O programa foi criado com o objetivo de combater a desinformação com informação verdadeira, capacitação e controle de comportamento e não de conteúdo. Mais de 60 organizações contribuíram para o projeto, executando ações concretas para diminuir os impactos da desinformação nas eleições, com destaque para algumas parcerias realizadas com agências de checagem, mídias sociais, plataformas digitais e sociedade civil.

Aline Osorio dedicou também a premiação “a todas as pessoas que trabalham na Justiça Eleitoral e dedicam as suas vidas à realização de eleições justas e à proteção do nosso regime democrático”.

História

Há 18 anos, o Prêmio Innovare reconhece as boas iniciativas da área jurídica, elaboradas e colocadas em prática por integrantes da advocacia, da Defensoria, da Promotoria, da magistratura e por profissionais interessados em aprimorar a Justiça brasileira, facilitando o acesso da população ao atendimento.  Mais do que reconhecer os trabalhos executados, o Innovare busca identificar ações concretas que signifiquem mudanças relevantes em antigas e consolidadas rotinas e que possam servir de exemplos a serem implantados em outros locais.

A edição deste ano teve como tema de destaque “Defesa da Igualdade e da Diversidade” e recebeu 634 inscrições, sendo 118 delas na Categoria Tribunal.

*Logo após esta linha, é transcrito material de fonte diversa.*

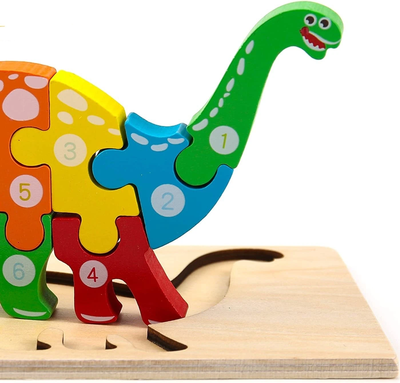 Mit dem Holzpuzzle lernen Kinder nicht nur Formen und Farben, sondern auch die Zahlen von 1 bis 10. Die Puzzleteile können zudem in die Holzform gelegt, aber auch stehend zusammen gesteckt werden, so dass der Dino eine 3D-Form annimmt.

Também foram premiados projetos nas categorias CNJ/Tecnologia, Juiz, Ministério Público, Defensoria Pública, Advocacia e Justiça e Cidadania.

Conheça todos os finalistas.

Inclusão e trabalho voluntário

O presidente do TSE, ministro Luís Roberto Barroso, anunciou a prática Programa Com Viver, de Cristalina (GO), de autoria dos juízes Thiago Inácio de Oliveira e Priscila Lopes da Silveira, como vencedora do Prêmio Destaque dessa edição. Ele parabenizou os autores e o Programa, que promove a inclusão de portadores de deficiência, principalmente Síndrome de Down e Transtorno do Espectro Autista (TEA), em postos de trabalho voluntário em repartições públicas do Poder Judiciário.

“A partir da constatação do Censo de 2010 de que, mesmo após 30 anos de vigência da lei de cotas, apenas 4% das pessoas com deficiência estavam efetivamente empregadas, o Programa Com Viver, inclusão voluntária na Justiça, proporciona a primeira experiência profissional de pessoas com Síndrome de Down e Transtorno do Espectro Autista, por exemplo, no âmbito do Poder Judiciário”, informou Barroso.

Atualmente, 12 voluntários alunos da Apae de Cristalina (GO) estão trabalhando três vezes por semana, nos gabinetes e serventias de três juízes da Comarca, com tarefas consistentes em rotinas administrativas de caráter geral.